National Human Genome Research Institute

National Institutes of Health
U.S. Department of Health and Human Services


Clinical and Basic Investigations of Methylmalonic Acidemia (MMA) and Related Disorders

Frequently Asked Questions About Methylmalonic Acidemia (MMA)

What is this study about?

This study will evaluate patients with methylmalonic acidemia (MMA) and cobalamin disorders to learn more about the genetic causes of these inherited metabolic disorders and the medical complications associated with them. People with MMA may have difficulty with growth and development, neurological problems such as strokes, seizures and low muscle tone, kidney problems, poor vision, and metabolic instability causing them to become seriously ill, sometimes with little warning. There is no cure for any genetic MMA syndrome, but special diets, medication and vitamin therapies are used for treatment.

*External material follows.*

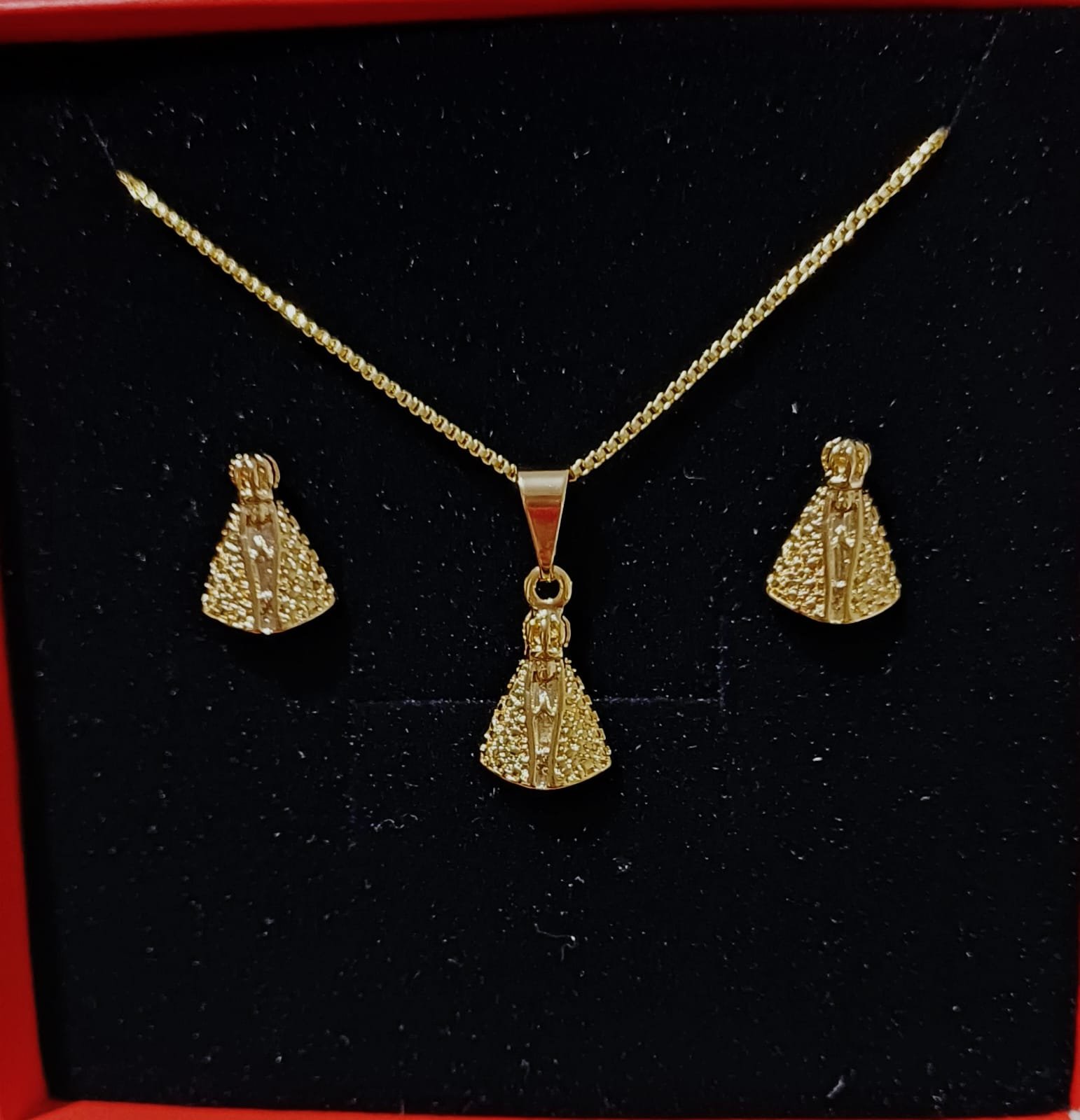 O colar e os brincos possuem design detalhado e sofisticado, valorizando a imagem sagrada de maneira leve e feminina. É uma peça que transmite paz, devoção e beleza — perfeita para mulheres que gostam de acessórios significativos, seja para uso diário ou para ocasiões especiais.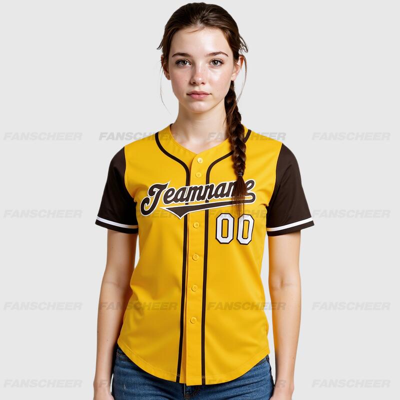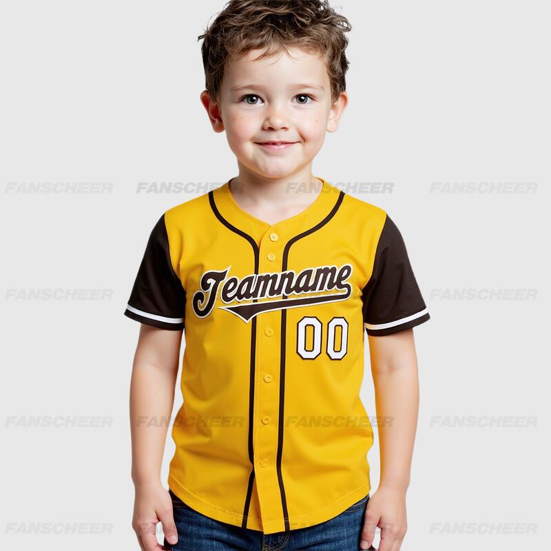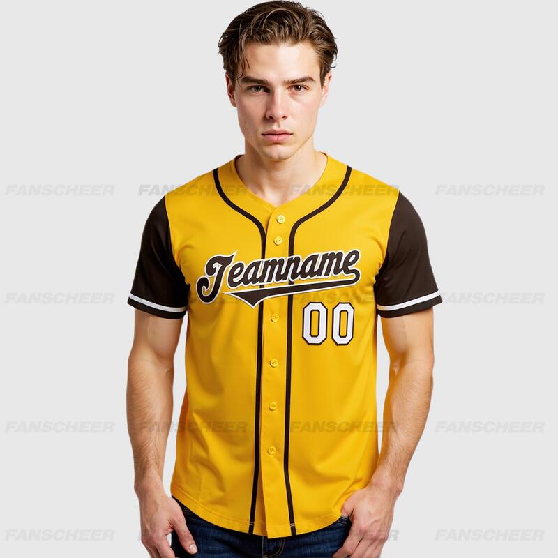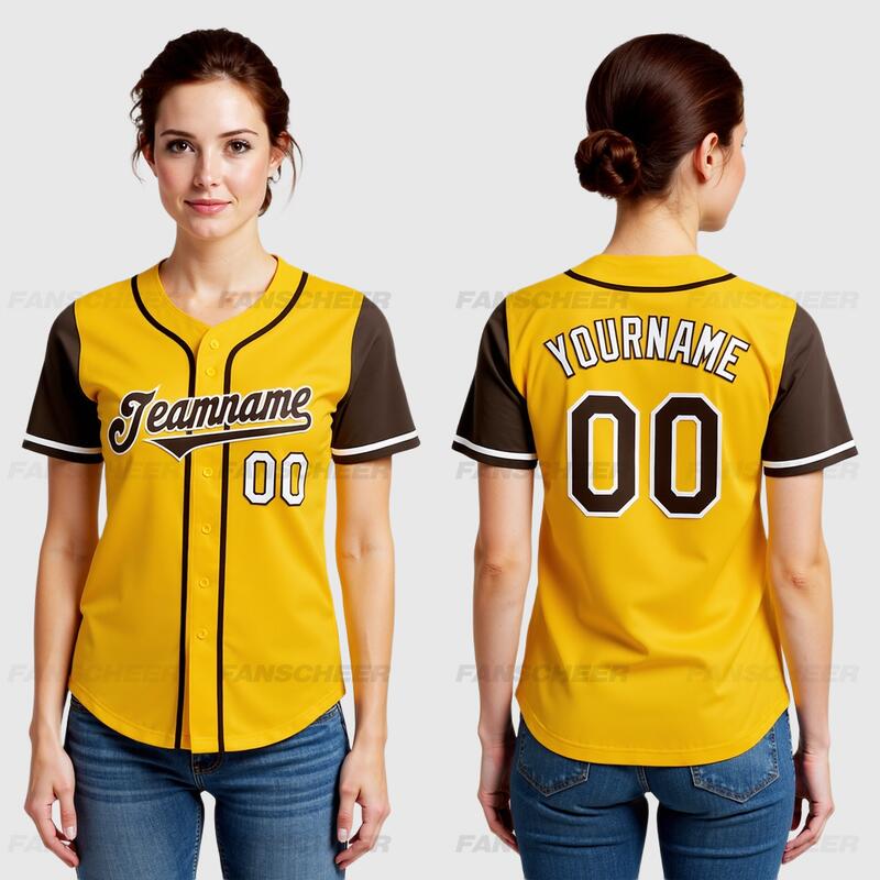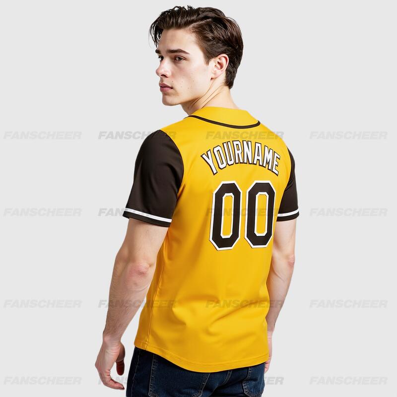 Custom Gold Brown Authentic Two Tone Baseball Jersey with Personalized Number and Logo for Games Practices and Fan Events

Why should I join the study?

People join research studies for many reasons. Three common reasons include:
  1. Altruism. This simply means "a regard for others." For example, why do many people donate blood? Most of the time, the blood helps a stranger in need, and not anyone known to the donator. For many people, it feels good to help others, and that is reason enough. The same is true for a research study. There may be no direct benefit to you, but by helping doctors learn about MMA, you are helping the wider community with MMA.

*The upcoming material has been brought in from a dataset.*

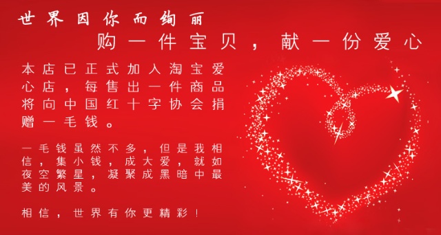 为公益努力的第一步开始了,我相信,我还能做得更好! To the world you may be one person, but to one person you may be the world. 希望各位多多支持,我的淘宝店铺: http://artlive.taobao.com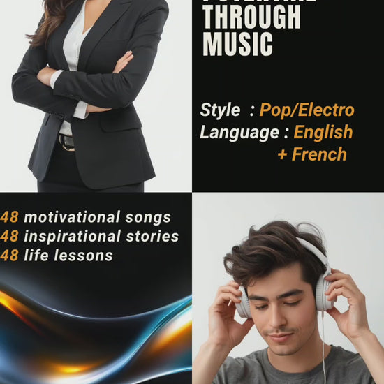 This exclusif program brings together 48 powerful Pop/Electro tracks (24 in English and 24 in french), each paired with 24 inspiring life stories (in English and french) and 24 practical lessons (in English and french) you can start applying today.

  2. Learning. It is not unusual for a person with a rare disease (like MMA) to know more about their illness than many doctors! Joining a research study is a chance to spend time with doctors with a special interest in MMA. There is a lot of time to ask questions, to learn "what's new" and to better understand MMA.

  3. Advice. People join research studies to seek medical advice from doctors with special expertise and interest in their disease. This can range from confirmation of a diagnosis to guidance on a new problem. It is important to remember that doctors involved in research (such as those at NIH) work with, but cannot replace, your "regular doctor". However, we may be able to find doctors, and other medical professionals and support groups in your local area with experience with MMA

New information, treatments and in the future, a cure, for methylmalonic acidemia will only come from patients with MMA and their families working together with doctors. Animal models of the disease (like mice) are helpful up to a point. But there is no replacement for studying the disorder in a human being.

What we are trying to learn with the study?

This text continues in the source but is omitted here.